Clean Cargo report: Container shipping’s CO2 emissions down in 2019

Illustration; Image by Navingo

Carbon dioxide emissions from the world’s leading ocean container carriers continued to fall in 2019, according to a new report from Clean Cargo, a collaborative initiative for sustainable cargo shipping managed by Business for Social Responsibility(BSR).

Clean Cargo’s aggregate average Trade Lane CO2 Emissions Factors are compiled from verified operations data of over 3,500 vessels, from 17 of the world’s largest ocean container carriers, representing approximately 85 percent of global containerized shipping.

These include A.P. Møller – Mærsk, CMA CGM Group, COSCO Shipping Lines Ltd., Evergreen Line, Hapag-Lloyd, Hyundai M.M., MSC, ONE (Ocean Network Express), and Yang Ming Marine Transport Corp.

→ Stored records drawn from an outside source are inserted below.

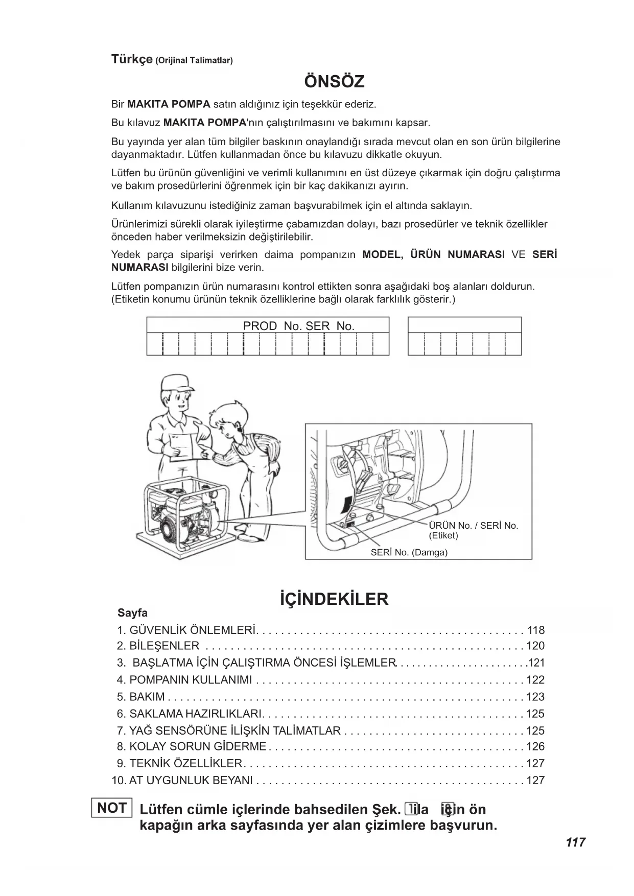 Εμπορική ονομασία Μετρούμενη στάθμη ηχητικής ισχύος Εγγυημένη στάθμη ηχητικής ισχύος EW2050H 100 dB(A) 101 dB(A) EW3050H 103 dB(A) 103 dB(A) EW2051H 101 dB(A) 103 dB(A) EW3051H 104 dB(A) 105 dB(A) Τα εν λόγω επίπεδα θορύβου δεν υποδεικνύουν αναγκαστικά μια συγκεκριμένη στάθμη ασφαλούς εργασίας. Ωστόσο, ο χρήστης μπορεί να προβεί σε καλύτερη αξιολόγηση των κινδύνων και των απειλητικών ενδεχόμενων με βάση αυτές τις πληροφορίες. Σημείωση: Η στάθμη θορύβου αλλάζει σε συνάρτηση με τις προδιαγραφές. Οι προδιαγραφές δύνανται να αλλάξουν χωρίς πρωτύτερη ειδοποίηση.117 ÖNSÖZ Bir MAKITA POMPA satın aldığınız için teşekkür ederiz.Bu kılavuz MAKITA POMPA'nın çalıştırılmasını ve bakımını kapsar.Bu yayında yer alan tüm bilgiler baskının onaylandığı sırada mevcut olan en son ürün bilgilerine dayanmaktadır. Lütfen kullanmadan önce bu kılavuzu dikkatle okuyun.Lütfen bu ürünün güvenliğini ve verimli kullanımını en üst düzeye çıkarmak için doğru çalıştırma ve bakım prosedürlerini öğrenmek için bir kaç dakikanızı ayırın. Kullanım kılavuzunu istediğiniz zaman başvurabilmek için el altında saklayın.Ürünlerimizi sürekli olarak iyileştirme çabamızdan dolayı, bazı prosedürler ve teknik özellikler önceden haber verilmeksizin değiştirilebilir. Yedek parça siparişi verirken daima pompanızın MODEL, ÜRÜN NUMARASI VE SERİ NUMARASI bilgilerini bize verin.Lütfen pompanızın ürün numarasını kontrol ettikten sonra aşağıdaki boş alanları doldurun. (Etiketin konumu ürünün teknik özelliklerine bağlı olarak farklılık gösterir.) PROD No. SER No. ÜRÜN No. / SERİ No.(Etiket)SERİ No. (Damga) Lütfen cümle içlerinde bahsedilen Şek. ila için ön kapağın arka sayfasında yer alan çizimlere başvurun. NOT İÇİNDEKİLER Sayfa
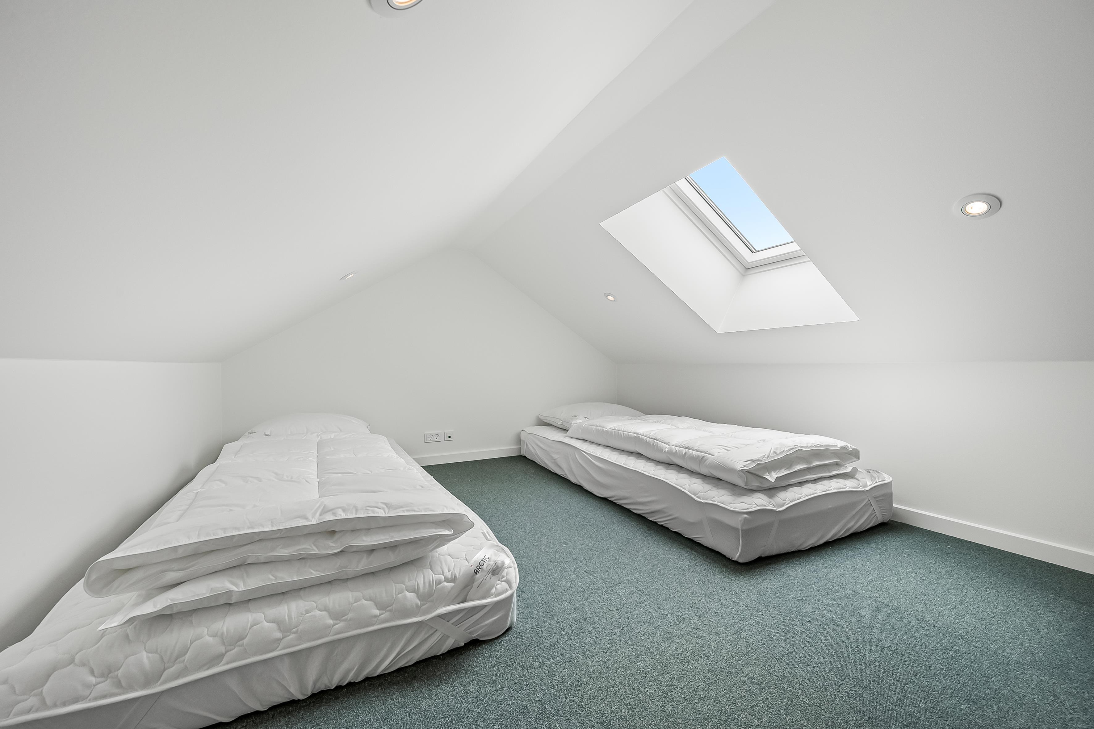 The house has four bedrooms, three of which are furnished with double beds and one with two single beds. There are 2 additional sleeping places in the attic (loft) and a separate alcove in the lower area where you can stretch out and sleep – there is enough space for everyone. The beautifully furnished rooms have comfortable beds that guarantee a restful night's sleep.
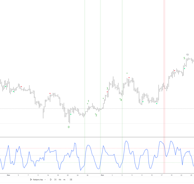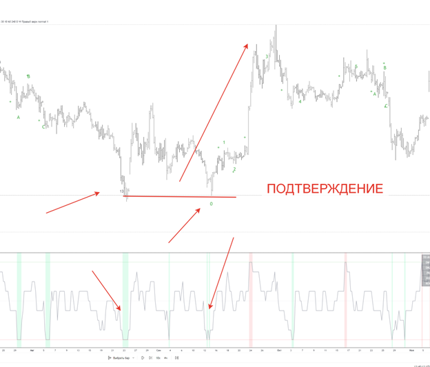 Если индикатор сбрасывает разметку и возвращается к состоянию поиска нового 0 — значит прежний сценарий не отработал, и рынок меняет структуру.
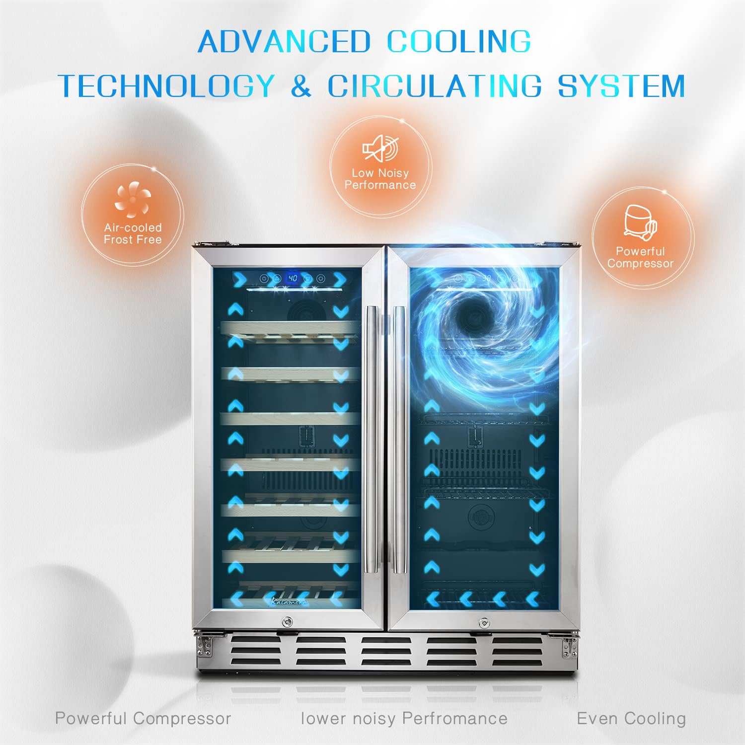 Kalamera Wine and Beverage Refrigerator, 30 inch Wine Fridge Dual Zone Hold 33 Bottles and 96 Cans, Digital Touch Control, Built-In or Freestanding

According to the report, global industry averages for CO2 emissions per container per kilometer decreased by 5.6 percent and 2.5 percent for Dry and Reefer (refrigerated) indexes, respectively.

Improvements on the CO2 Dry index were seen on major tradelanes, such as:

  • Asia to-from North Europe with a 3% reduction o Asia to-from North America West Coast and Asia to-from North America East Coast with a 6% reduction
  • Asia to-from Middle East / India with a 12% reduction
  • Asia to-from Mediterranean / Black Sea with a 12% reduction

 The report also showed a decrease in SOx emissions (-10.2% globally), although the group’s methodology and calculations do not yet factor in the increasing use of exhaust gas cleaning systems.

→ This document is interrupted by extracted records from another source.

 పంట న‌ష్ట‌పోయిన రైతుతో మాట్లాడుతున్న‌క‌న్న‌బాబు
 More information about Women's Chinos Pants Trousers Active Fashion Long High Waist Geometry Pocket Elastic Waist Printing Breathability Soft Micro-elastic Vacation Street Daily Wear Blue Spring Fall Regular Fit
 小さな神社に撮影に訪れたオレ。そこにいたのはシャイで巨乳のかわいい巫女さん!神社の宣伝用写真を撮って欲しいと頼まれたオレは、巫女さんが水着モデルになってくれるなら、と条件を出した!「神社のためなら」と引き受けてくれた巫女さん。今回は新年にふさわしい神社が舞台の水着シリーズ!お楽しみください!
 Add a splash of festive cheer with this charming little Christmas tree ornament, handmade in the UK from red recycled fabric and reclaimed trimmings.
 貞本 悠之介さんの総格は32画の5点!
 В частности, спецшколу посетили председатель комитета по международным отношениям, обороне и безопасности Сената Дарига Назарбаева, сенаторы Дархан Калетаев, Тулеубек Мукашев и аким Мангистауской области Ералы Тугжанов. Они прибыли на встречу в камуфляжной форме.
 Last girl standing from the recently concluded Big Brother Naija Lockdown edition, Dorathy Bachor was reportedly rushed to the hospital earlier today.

A mapping of Clean Cargo membership divided by vessel size and type shows a clear increase in the fleet size, which results in an increase in the total amount of fuel consumed by the group.

There were no major changes in fuel types, with vessels remaining mainly on HFO. There has been a slight increase in MDO and a substantial increase in LFO, LNG, and hybrid fuels, even if they still represent a small proportion of the total fuel consumed. LNG is used mainly on small vessels, while the hybrid fuels use is spread among the larger sizes of vessels. Ultra-large vessels were still running on HFO or conventional fuels.

Over the last 10 years, the main trends observed through the Clean Cargo reporting framework were:

  • Clean Cargo Fleet capacity grew by 153%, from 8 to 20.4 mil. TEU
  • Heavy fuel oil decreased from 97.2% to 86.6% of fuel used.
  • Lower emissions correlate with higher transport work, increasing ship size and tradelane length

“Standardized, consolidated, industry-wide emissions data are essential to decarbonization efforts,” said Angie Farrag-Thibault, Collaborations and Transport Director at BSR and Program Director of Clean Cargo.

“With over 60 global brands and forwarders working with the industry in Clean Cargo, we are making excellent collective progress. But we know that further action is needed: full value chain collaboration is critical to transform the system, and we encourage more brands to get involved.”

Several years ago, Clean Cargo developed a standardized methodology and reporting system that was adopted globally by the industry, with carriers submitting operational data from the entire fleet to BSR on an annual basis for trade lane emission factors aggregation.

The Clean Cargo general formula to calculate vessel CO2 emissions (in gCO2/TEUkm) is:

(𝑡𝑜𝑡𝑎𝑙 𝑘𝑔 𝑓𝑢𝑒𝑙 𝑐𝑜𝑛𝑠𝑢𝑚𝑒𝑑 𝑓𝑜𝑟 𝑐𝑜𝑛𝑡𝑎𝑖𝑛𝑒𝑟𝑠 ∗ 𝐼𝑀𝑂 𝑓𝑎𝑐𝑡𝑜𝑟 𝑔𝐶𝑂2 𝑘𝑔 𝑓𝑢𝑒𝑙)

_________________________________________________________________ (𝑚𝑎𝑥𝑖𝑚𝑢𝑚 𝑛𝑜𝑚𝑖𝑛𝑎𝑙 𝑇𝐸𝑈 𝑐𝑎𝑝𝑎𝑐𝑖𝑡𝑦 ∗ 𝑡𝑜𝑡𝑎𝑙 𝑑𝑖𝑠𝑡𝑎𝑛𝑐𝑒 𝑠𝑎𝑖𝑙𝑒𝑑 [𝑘𝑚])

The results produce environmental performance scorecards for each carrier, which are used to meet corporate supply chain sustainability goals by a significant share of shipping customers participating in the group.

This year, Clean Cargo reported information that includes W2W, CO2e and a 70 percent utilization adjustment factor.

Clean Cargo is a GLEC Accredited partner of SFC and a Knowledge Partner to the Getting to Zero Coalition.